WHAT IS EXPECTED: Please repeat every entry exactly as written, but skip the pictures.

EXTRACTED INFORMATION:
[Start of section]
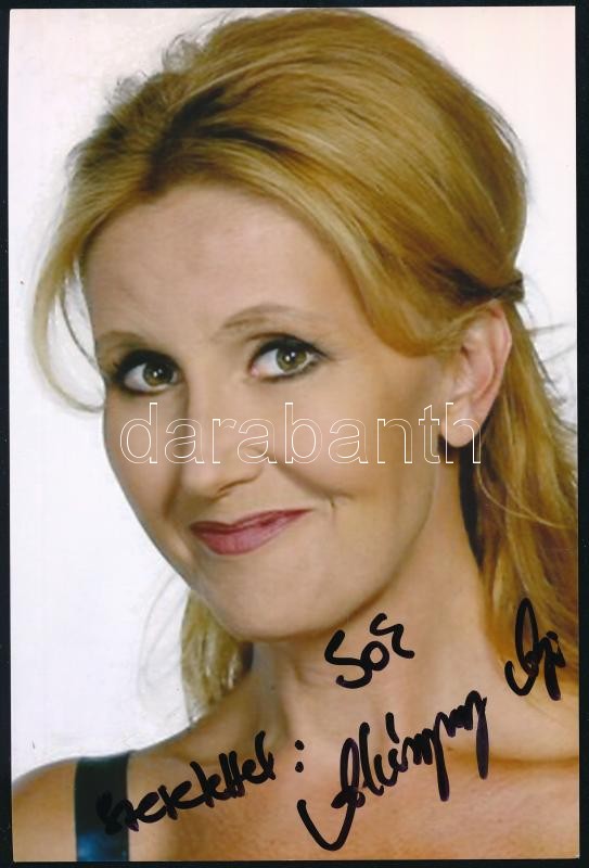 Beschreibung: Kökényessy Ági (1967-) színésznő aláírása az őt ábrázoló képen
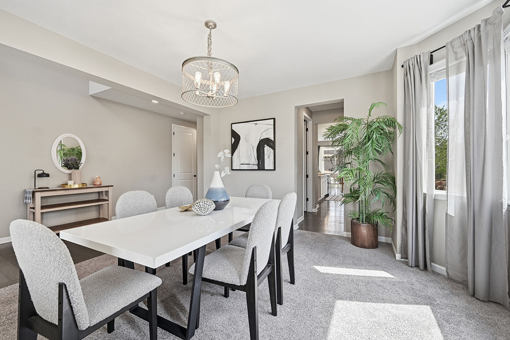 Baseboards Wall, Carpet, Drywall, Natural Light, Notable Chandelier
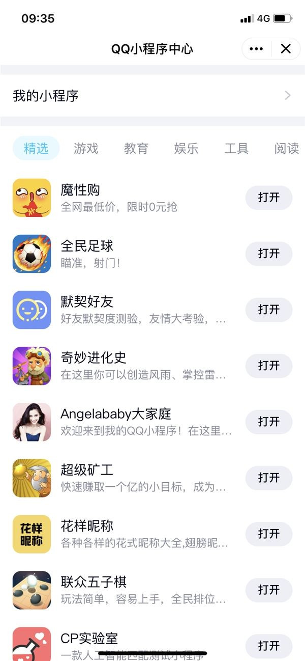 点击最右侧的“更多”,便可进入“QQ小程序中心”,除了顶部的“我的小程序”外,下方则类似于应用商店,方便使用者挑选QQ小程序。
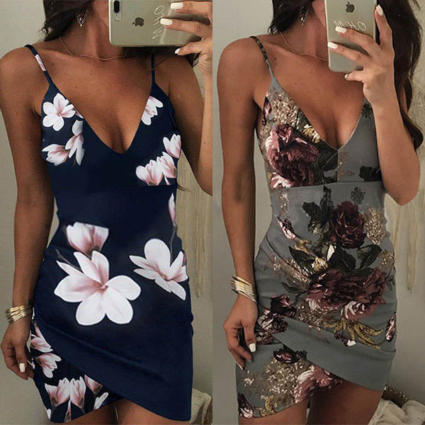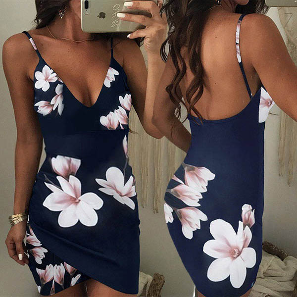 Sexy Backless V-neck Slim Fit Printed Sling Dress(A bit short)
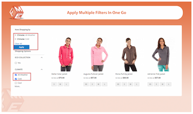- Enables customers to select multiple attribute values within the same or different filter.
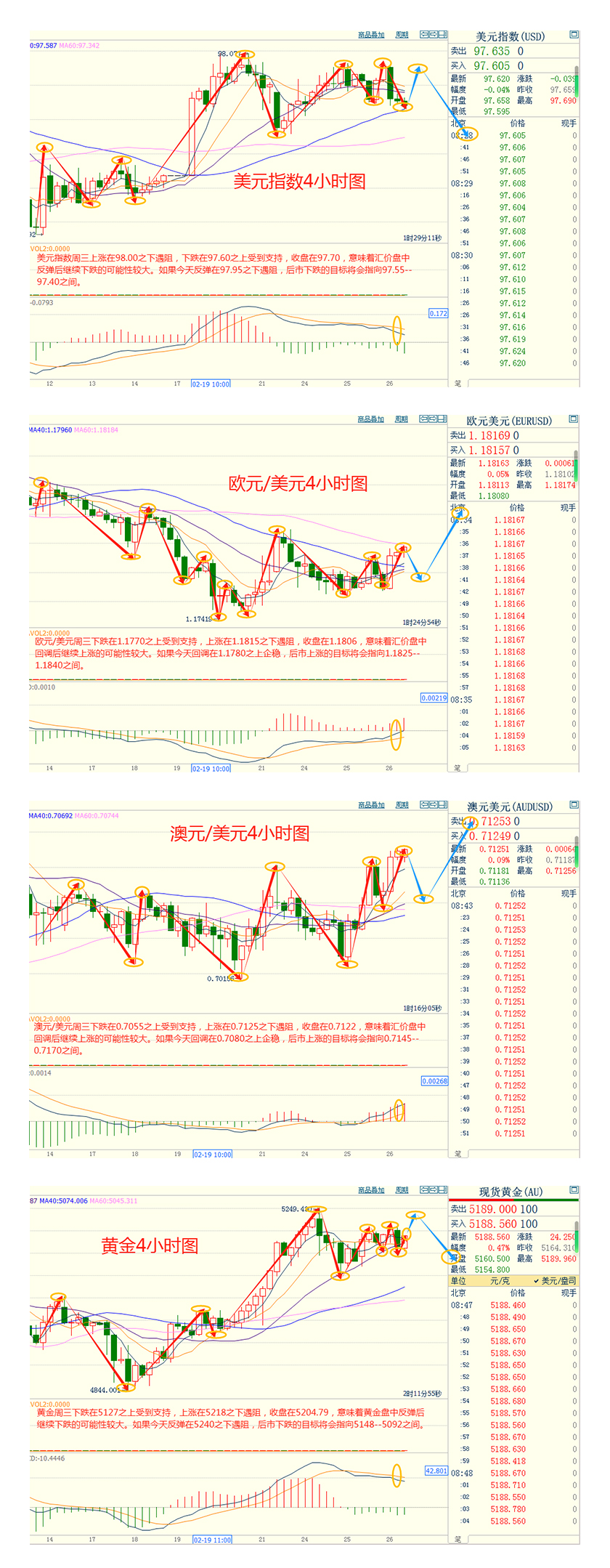CWG Markets市场资讯2026年2月26日(周四): 汇讯摘要: 周三,随着市场情绪改善,美元失去强势。美元指数收跌0.01%,报97.67;随着风险偏好回暖、股市上涨削弱了避险资产的需求,美国国债收益率延续涨势。基准的10年期美债收益率收报4.056%,对美联储政策利率敏感的2年期美债收益率收报3.475%。 周三,现货黄金价格上涨0.4%,收报至5164美元/盎司附近,盘中一度飙升1.5%触及5217.63美元的高位,关税通胀压力与地缘政治阴云共同发酵的结果,投资者纷纷涌入黄金这一传统避险资产,寻求对冲不确定性的庇护。 国际油价承压,欧佩克+代表预计该组织将恢复小幅增产。
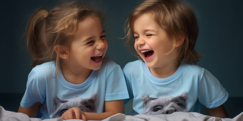two little cute laughing kids are trying to put on one t-shirt together, hyper realistic, 8k, photorealism, soft lighting, v5, high definition with close attentional to anatomical accuracy --ar 2:1 --v 5.2
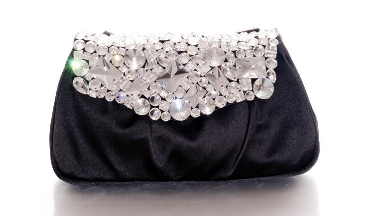 – La pochette du soir Yves Saint Laurent en satin de soie noir et ses strass blancs Swarovski qui illumineront votre robe noire.
[End of section]
ANSWER BOX:
 Beschreibung: Kökényessy Ági (1967-) színésznő aláírása az őt ábrázoló képen
 Baseboards Wall, Carpet, Drywall, Natural Light, Notable Chandelier
 点击最右侧的“更多”,便可进入“QQ小程序中心”,除了顶部的“我的小程序”外,下方则类似于应用商店,方便使用者挑选QQ小程序。
 Sexy Backless V-neck Slim Fit Printed Sling Dress(A bit short)
- Enables customers to select multiple attribute values within the same or different filter.
CWG Markets市场资讯2026年2月26日(周四): 汇讯摘要: 周三,随着市场情绪改善,美元失去强势。美元指数收跌0.01%,报97.67;随着风险偏好回暖、股市上涨削弱了避险资产的需求,美国国债收益率延续涨势。基准的10年期美债收益率收报4.056%,对美联储政策利率敏感的2年期美债收益率收报3.475%。 周三,现货黄金价格上涨0.4%,收报至5164美元/盎司附近,盘中一度飙升1.5%触及5217.63美元的高位,关税通胀压力与地缘政治阴云共同发酵的结果,投资者纷纷涌入黄金这一传统避险资产,寻求对冲不确定性的庇护。 国际油价承压,欧佩克+代表预计该组织将恢复小幅增产。
two little cute laughing kids are trying to put on one t-shirt together, hyper realistic, 8k, photorealism, soft lighting, v5, high definition with close attentional to anatomical accuracy --ar 2:1 --v 5.2
 – La pochette du soir Yves Saint Laurent en satin de soie noir et ses strass blancs Swarovski qui illumineront votre robe noire.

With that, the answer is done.